Mushrooms are one thing I'm not messing with either. There just to hard to identify. I carry a foldout in my pack and have tried through study with other books and info, but to hell with it. Problem is I love the flavor, but survival and flavor don't go hand in hand I'd say. Definitely not, once my seasoning bottle runs dry in my BOB and I run out of peanut butter and bouillon cubes.


----------



## ApexPredator (Aug 17, 2013)

Well Id carry the wire no problem but I would sacrifice a lot to carry a single extra conibear Ive devoted space to 3 small ones and 2 large ones. I wish I knew how long they would last for sure but I think some trappers have used the same ones for 10-15 years


----------



## PaulS (Mar 11, 2013)

For small animals I like wire "loop" snares. There are no complicated triggers to fail and they are almost fool proof. I also like the "fish" traps for small animals. You basically build a "fence" on either side of the run with stakes long enough to go deep into the ground and still leave twice the height of your intended prey, leaving at least 12" to the run on either side. Weave in the rails through your stakes to add strength and keep the animal trapped. You build two "funnels", one on each end of the run, and then top it with a roof of woven sticks and bound to the rest of the trap or staked into the ground. The "funnels" have to have horizontal (parallel to the ground) tines (sharp sticks) that partially spring as the animal enters but are close enough to keep the animal from leaving. You do have to be more attentive to this type of trap because most rodents can chew their way out if given the time. The best part of this type of trap is that it can be scaled up or down for different game. Built properly you could use it to trap deer or even large bears.


----------



## BigCheeseStick (Aug 7, 2013)

50lb test Spider Wire is VERY VERY handy for trap making, trip lines, fishing obviously, and cordage applications in general. A 300' spool weigh next to nothing.

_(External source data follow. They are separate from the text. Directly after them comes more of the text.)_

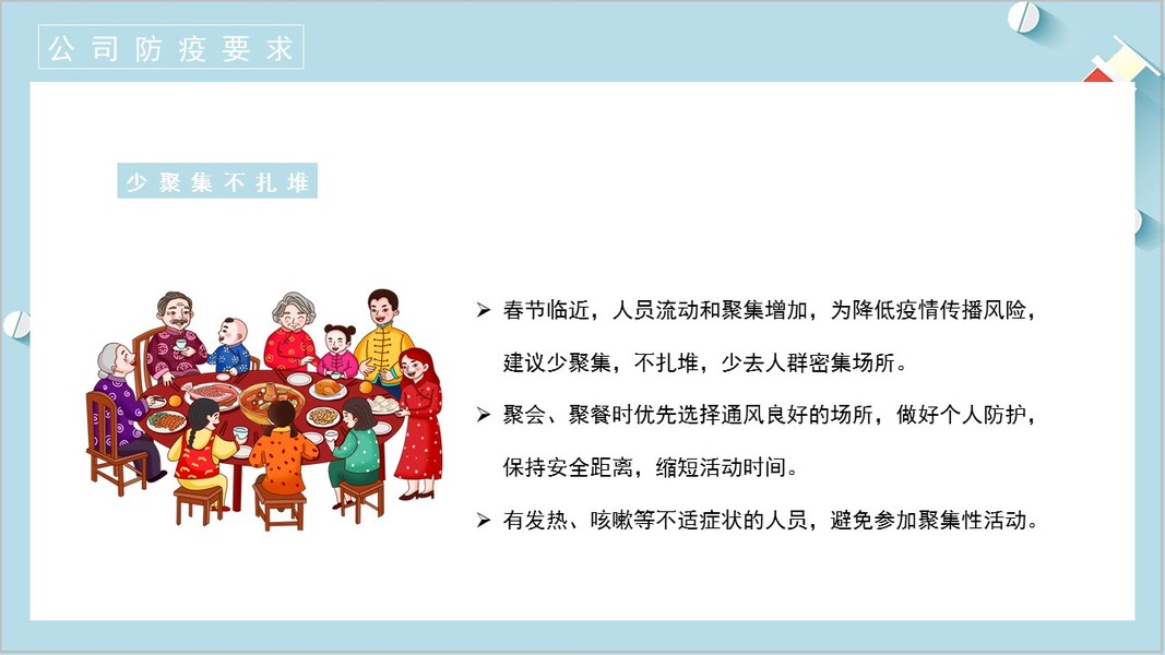 清新淡蓝色春节期间新冠病毒防控指南PPT模板
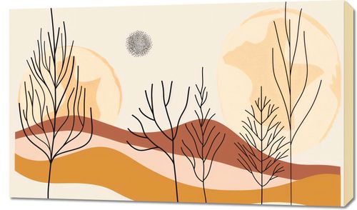 Obraz z serii boho zatytułowany Wydarta Pustynia. Przedstawia on abstrakcyjne, delikatne drzewa na tle pastelowych, organicznych kształtów i ciepłych odcieni zachodu słońca. Subtelna gra kolorów i tekstur tworzy wizję cichej, spokojnej przestrzeni. Różne odcienie i wielkości kolistych form mogą symbolizować słońca lub księżyce, dodając głębi i zainteresowania kompozycji. Ten obraz doskonale odnajdzie się w przestrzeniach, które cenią sobie spokój i harmonię. Jest idealny do dekoracji wnętrz, takich jak salon, sypialnia czy miejsce przeznaczone do medytacji i odpoczynku, oferując delikatne, lecz wyraziste akcenty kolorystyczne.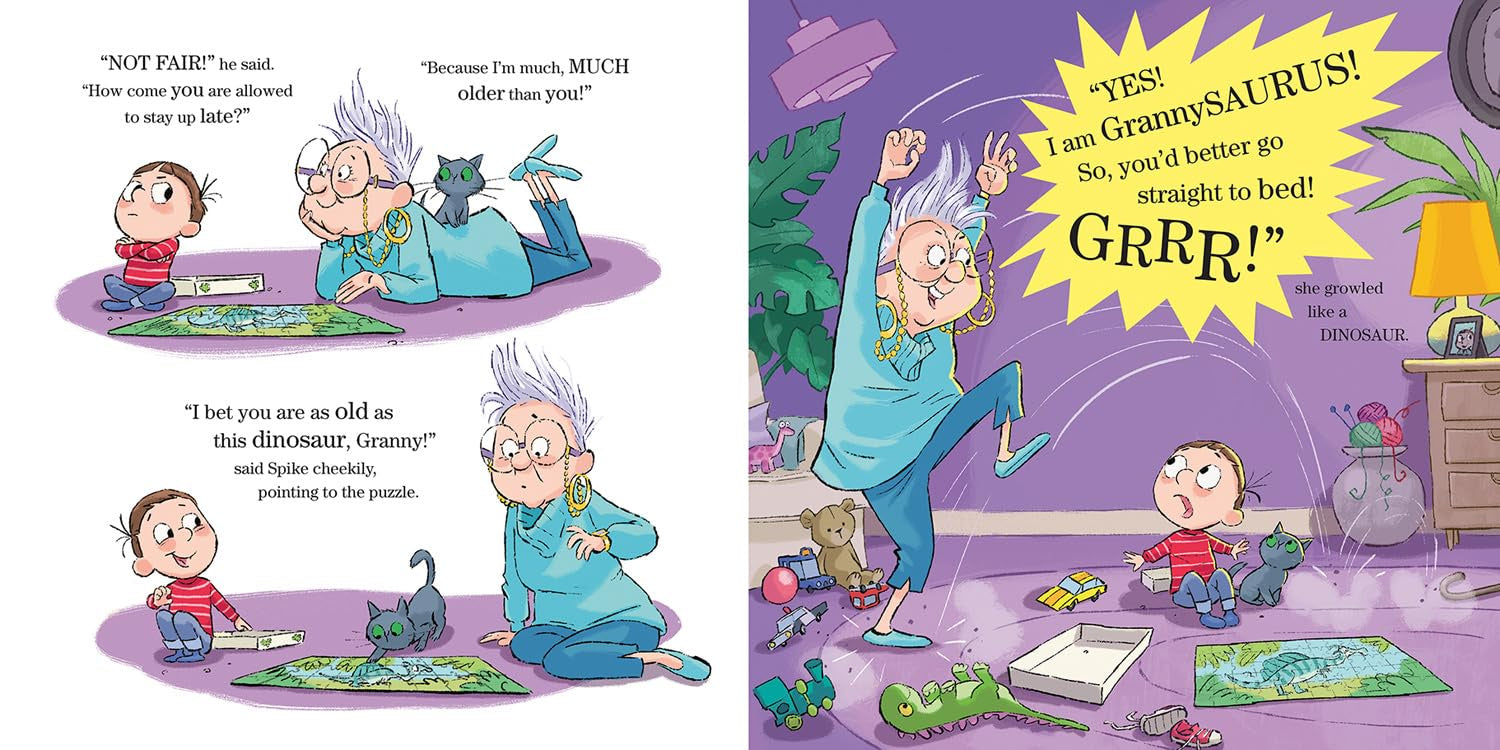 One night, Spike creeps downstairs in his pyjamas to find that his granny has turned into a dinosaur – GRANNYSAURUS!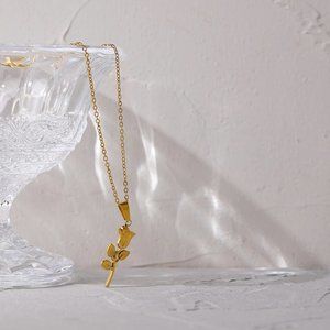 New 18K Gold Plated Rose Flower Leaf Necklace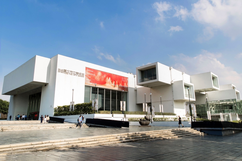 臺北市立美術館建於 1983 年,是全國第一座現當代美術館。這座美術館建築本體十分宏偉,它矗立於花博公園美術園區內,將建築藝術與自然庭園環境相結合。建築物大廳高約 15 米,為 3 層樓挑高,以懸臂飛廊之形式,採「井」字形結體,將傳統建築元素之斗拱堆砌為主體架構,意思是以美術館為文化活水之泉源。四周牆面設計使用整片玻璃採光,中樞內庭承接自然光源,光影隨時間移動而變化,顯現出自然生動的特質!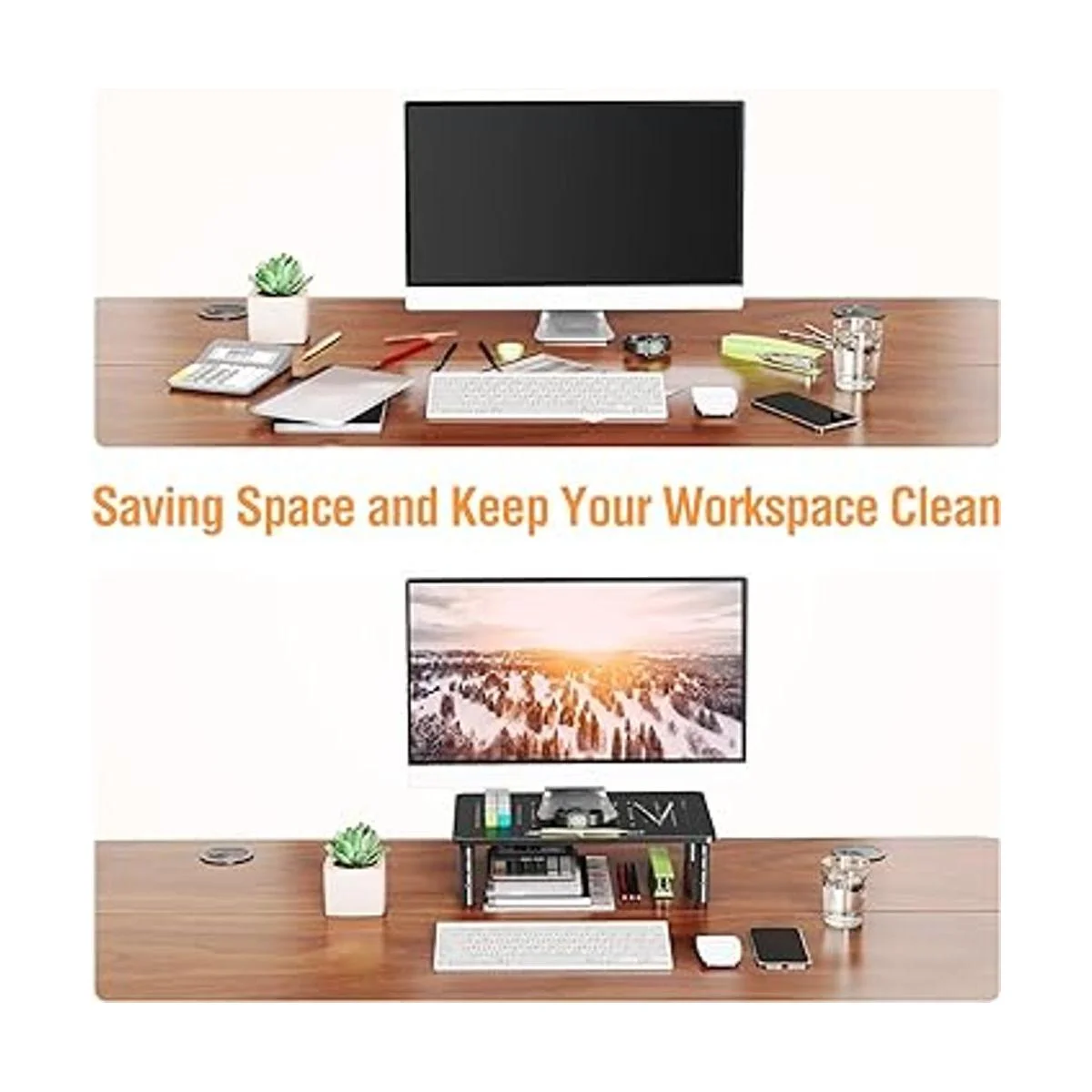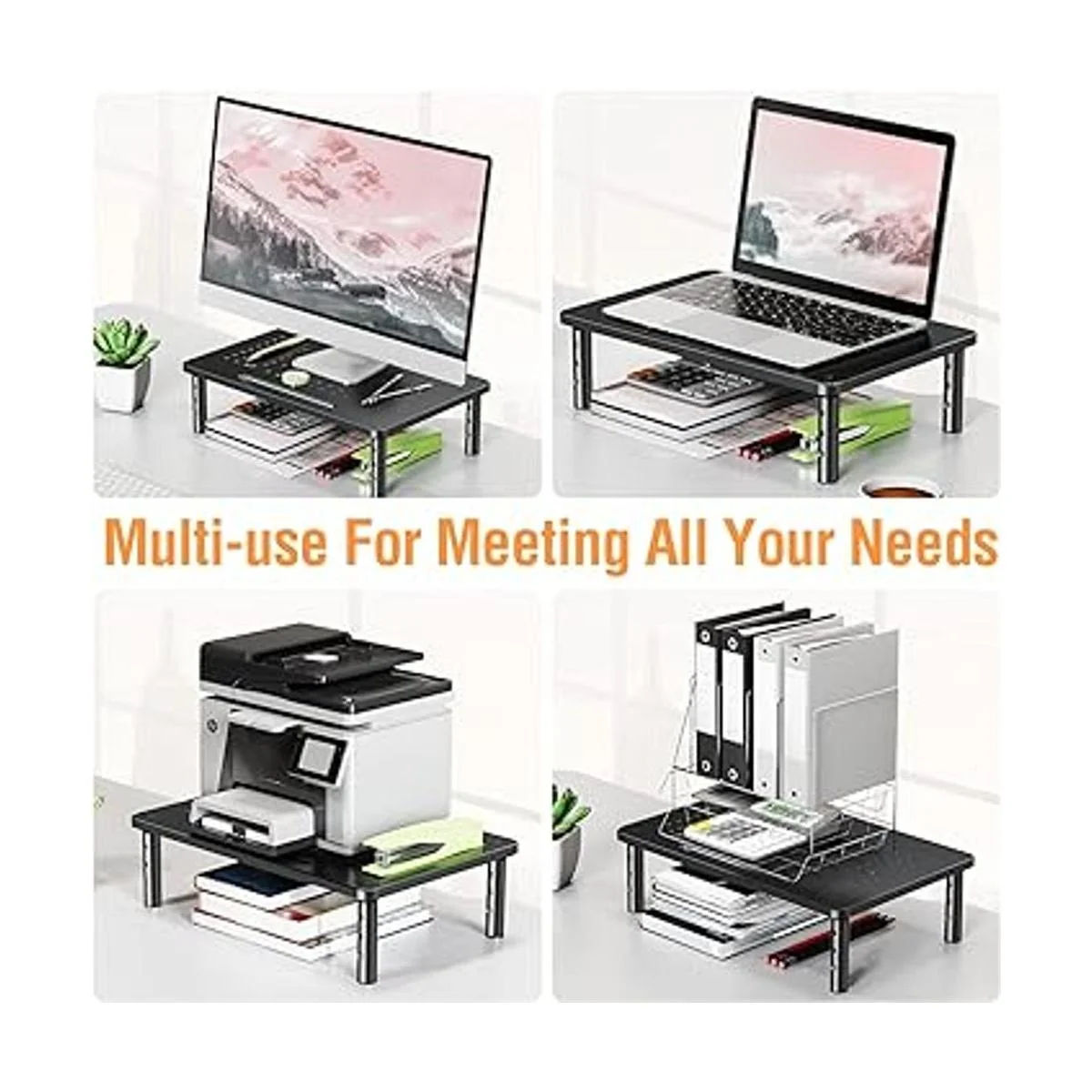 Espacio de trabajo eficiente: apila dos soportes de pantalla juntos para obtener más espacio de almacenamiento mientras que mide 14.6 x 9.2 pulgadas para cada plataforma. Es un elevador de pantalla, pero también un organizador de escritorio para proporcionar espacio adicional para tus artículos de oficina. Mantén todo en orden y mantén un escritorio más limpio.

First thing I put in when building a new BOB.
View attachment 2809


Even sharp wild critter teeth have a hard time biting through it.


----------



## Smitty901 (Nov 16, 2012)

Army training manuals are for the most part public record you can download the Survival manuals they are found broken down into regions.
If you can find them there flash cards are a great way to learn what is good what is not.


----------



## Fuzzee (Nov 20, 2012)

BigCheeseStick said:


> 50lb test Spider Wire is VERY VERY handy for trap making, trip lines, fishing obviously, and cordage applications in general. A 300' spool weigh next to nothing.
> 
> First thing I put in when building a new BOB.
> View attachment 2809
> ...


I like that thought. And I'm sorry I didn't think of it. I use Spider Wire for fishing and it is tough line. I'm going to look into it.


----------



## Smitty901 (Nov 16, 2012)

Around here hunting Morel mushrooms is a long practiced skill. Darn near a religion for some. Not sure it they are worth eating or not but they can wake up a boring meal.
Plenty of wild raspberry,apples, hickory nuts at least till winter .


----------



## BigCheeseStick (Aug 7, 2013)

Smitty901 said:


> Around here hunting Morel mushrooms is a long practiced skill. Darn near a religion for some. Not sure it they are worth eating or not but they can wake up a boring meal.
> Plenty of wild raspberry,apples, hickory nuts at least till winter .


GOTTA be Michigan.  We had a dog that would dig up Morels for some reason when we lived there. :/ If I'm right about MI, don't forget the cherries and potato fields up north.


----------



## roy (May 25, 2013)

The young prickly pear catch pads are eaten (napolitos), mostly during lent by the Mexican locals. They have little nutritional value. The prickly pear tuna are good but only come off for a short period. Any catcus tuna are good.


----------